Floating Slab – Advantages and Disadvantages of Floating Slabs

What is a floating slab?

These slabs are constructed in two stages. In the first stage the footings are poured separately. The center floor of the floating slab is poured only after the footings have been cured. The slab is not anchored to the floor. This type of slab is typically used for shallow foundations like garages, sheds and light home extensions.

floating slab system
floating slab system

Floating slab construction

A building construction typically needs a solid foundation in which it can bear the weight of the entire structure, including the roof, floor and other loads it may contain. However, small structures such as sheds, garages, backyard extensions do not need elaborate and extra strong foundations as they are generally light in structure. Floating slab is an ideal solution for such basic foundation structures. This type of slab foundation is mostly used in northern climates as the slab does not require concrete footing with deep extensions below frost line. Floating slab is sometimes known as a raft foundation and they are generally constructed on soil with high proportions of sand, water or clay. A floating slab spreads the structure weight over the entire base instead of at strategic supporting columns. As they are shallow in depth they can ideally be used in specific construction locations.

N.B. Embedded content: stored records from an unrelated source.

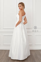 This beautiful full-length A-line dress provides an unforgettable evening look. Crafted with 100% polyester, its soft, vibrant satin fabric complements the tailored silhouette and one-shoulder neckline, hinting at just enough skin for a tasteful touch of allure. Boasting a classic pleated layer, center zipper closure, and a dreamy train, this gown is an elegant embodiment of tradition and modernity. Adorned with exquisite details, this exquisite gown will have heads turning and eyes shining.
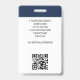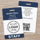 Erstellen Sie ein berufliches Erscheinungsbild mit diesem Abzeichen zur Mitarbeiteridentifizierung. Eine einfache und stilvolle Vorlage, die mit Ihrem Firmenlogo, Namen, Jobtitel, Standort und Mitarbeiternummer personalisiert ist. Kontaktinformationen liegen auf der Rückseite, ein QR-Code und weitere Informationen. Druckfarben: sehr dunkelblau, grau und weiß. Vertikales Format
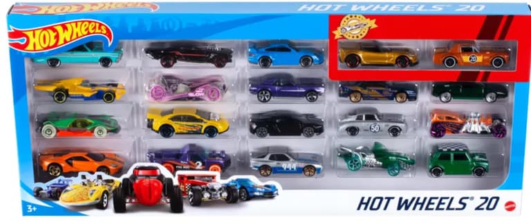 Each vehicle features the authentic designs and awesome details that have been part of the Hot Wheels tradition since 1968.; Hit the gas on a new Hot Wheels collection or enhance an existing one with this 20-pack of modern and vintage 1:64 scale vehicles that kids and collectors will love.; The variety pack of 20 toy vehicles makes a great gift for collectors, kids and car aficionados.
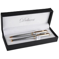 Набор Delucci "Mistico": ручка шариковая 1,0мм и ручка-роллер 0,6мм, синие, оруж. металл, подар.уп.. CPn_11423
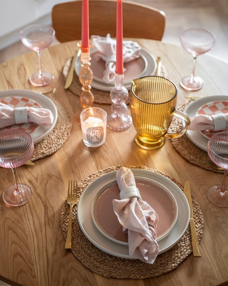 Start with a soft base like a runner or placemats, then add candles for warmth. Keep flowers easy and unfussy. Pink tulips, roses, or even supermarket stems in a jug look relaxed but still celebratory.

Advantages of floating slabs

A floating slab is recommended for areas with lower load bearing capacities. Therefore, it can be used when required to erect a structure over loose soil or when there is varying degrees of compression in the soil. Floating foundations are capable of spreading weight support over a large area.

This type of slab is best used when a new foundation should not interfere with other building structures. Since a floating slab is placed just above earth instead of in it, the foundation forms a natural moisture barrier between the structure and ground. This makes it a preferred option for structures made on high moisture soils and colder climates.

As the slab does not require deep footer trenches, the floating slab can be poured with fewer exertions like digging and trenching. The slab will not disturb the natural earth lying beneath the building or interfere with its long established quality.  Floating slabs are not compromised in areas with high vibration such as highways or mining areas where the earth is expected to shift as a result of high underground moisture.

Disadvantages of floating slabs

Some limitations associated with floating slab are its comparatively primitive technology, entrapped air within sealed floating foundation systems and lower design resonance. Floating slab foundations also have the distinct disadvantage of lack of underground access for utility lines.